Georges Balandier a découvert Dakar en 1946. A son arrivée, on lui a désigné un baobab comme arbre sacré des villageois lébous. Des « habitations précaires, échouées sur le sable » dans la Médina, des foules et des étalages du marché de Sandaga, des cars à l’attente bondés de voyageurs et ployés sous la charge, « des mendiants qui psalmodient et des infirmes qui se traînent, en exhibant leurs membres ravagés et difformes, sur des chariots de planches récupérées », des belles africaines enveloppées d’étoffes somptueuses, des commerçants syriens : l’ambiance de Dakar reste quasiment la même aujourd’hui, avec en plus l’impact des évolutions liées à la modernisation, dont ses démolitions / constructions continuelles. Lors de son escale en 1954, Georges Balandier était surpris du modernisme du nouvel aéroport, de l’autoroute, de la disparition de la campagne africaine : l’urbs occidentalis impose son extension, avec le blanchiment de la ville. Parmi les transformations, la Bourse du travail était apparue, avec un prolétariat organisé en centrales syndicales, avec ses leaders pesant sur la vie politique (Ibid., 1954, 194 - 196). Un ancien syndicaliste nous explique que tout ça, aujourd’hui, est bel et bien fini. Beaucoup d’usines sont fermées et les leaders syndicalistes, licenciés, sont devenus des journaliers.24

Selon Cheikh Sarr (2007), l’évolution du rôle de l’Etat en matière d’urbanisme s’effectue entre la volonté de “marquer” l’espace et la politique libérale.

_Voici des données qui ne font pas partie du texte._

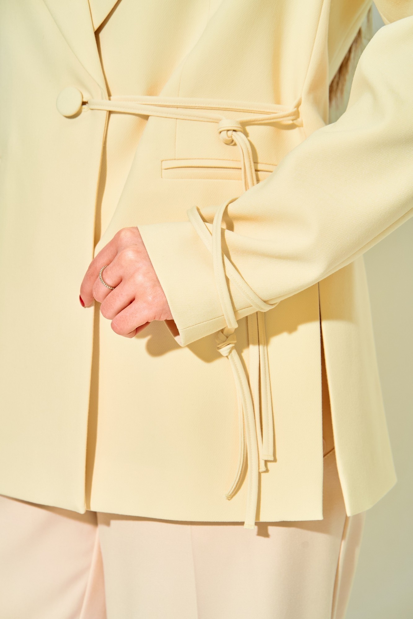 Жакет выполнен из костюмной ткани, на подкладке. Шнуры выполнены из основной ткани.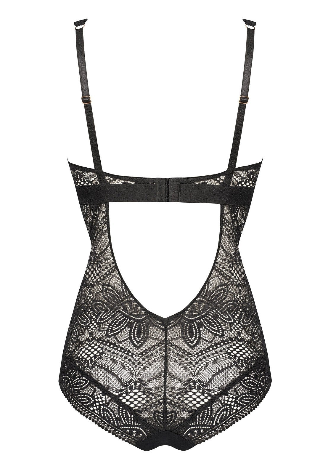 Body con coppe preformate senza ferretti, la coppetta interna e in contrasto con il pizzo nero. La parte superiore si aggancia sul retro come un classico reggiseno.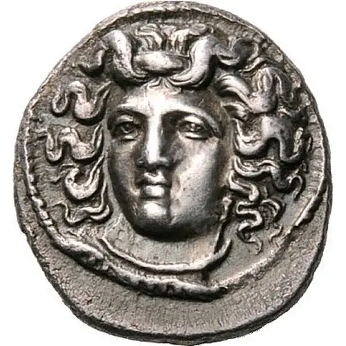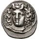 | Obverse description | Head of the nymph Larissa facing, turned slightly to the left, wearing ampyx, pendant earring, and simple necklace |
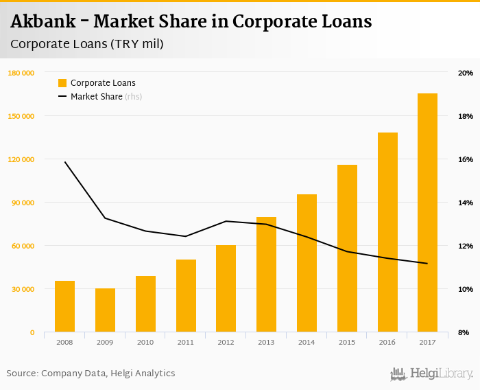 Akbank accounted for 11.1% of all corporate loans issued in Turkey at the end of 2017. Historically, the bank’s market share in corporate loans reached an all time high of 15.9% in 2008 and an all time low of 11.1% in 2017.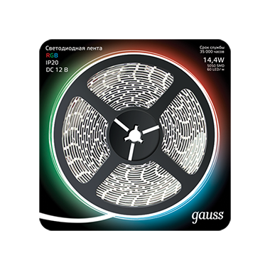 Gauss Лента LED 5050/60-SMD 14.4W 12V DC RGB (блистер 5м)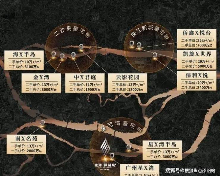 广州黄金中轴之上,千万级豪宅鼎立其间,呈现出“2+1"的豪宅分布格局。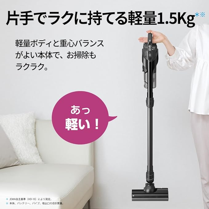 軽量1.5kgかつバランスよく軸がブレにくいから快適にお掃除できる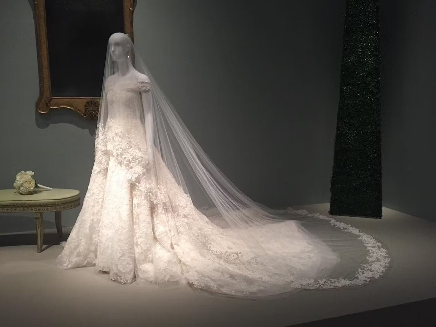 «Мы с Джорджем хотели, чтобы все на нашей свадьбе было романтично и элегантно. Я не могу представить себе другого дизайнера, который смог бы передать это настроение в подвенечном платье. Только Оскар. Наша работа была еще более волшебна, потому что он очень добрый человек и настоящий джентльмен», — рассказала невеста в интервью Vogue. Примечательно, что свадебный образ жены актера хранится в Музее изящных искусств в Хьюстоне, где на него может полюбоваться любой желающий.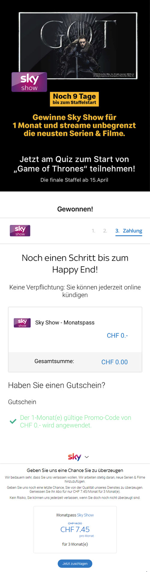 Bei der anschliessenden Registration bei Sky werden die Kreditkartenangaben benötigt. Da sich das Abo automatisch verlängert, falls nicht bis zum Ablauf des kostenlosen Monats gekündigt wird, empfiehlt es sich, in eurem Konto sicherheitshalber gleich wieder zu kündigen (Kündigungsgrund: Abo ist zu teuer). Mir wurde während diesem Prozess zusätzlich angeboten, das Abo zum halben Preis von CHF 7.45 / Monat für die nächsten drei Monate zu verlängern. Wer will, kann hier also nochmals profitieren…

Etablissant un cadre légal (1988 code de l’urbanisme, 1996 lois de décentralisation), la politique volontariste de l’Etat s’étend de la vieille « ville coloniale » aux ceintures de bidonvilles. Les grands chantiers présidentiels et la spéculation privée – notamment celle des “moodu”25 dans l’habitat locatif. – transforment rapidement le paysage de Dakar et de sa banlieue.

Ville refuge, ville cosmopolite, Dakar doit affronter les questions majeures d’hygiène et de salubrité. Car dans l’espace urbain, l’urbanisation galopante s’effectue avec des situations très contrastées : différences d’infrastructures (eaux usées, collecte des ordures), implication communautaire plus ou moins efficace selon les quartiers, structure du bâti, opposition entre aménagement planifié et occupation sauvage. La cohésion sociale, confrontée à la précarité des populations, permet difficilement de palier aux insuffisances structurelles (Ibrahima Sy).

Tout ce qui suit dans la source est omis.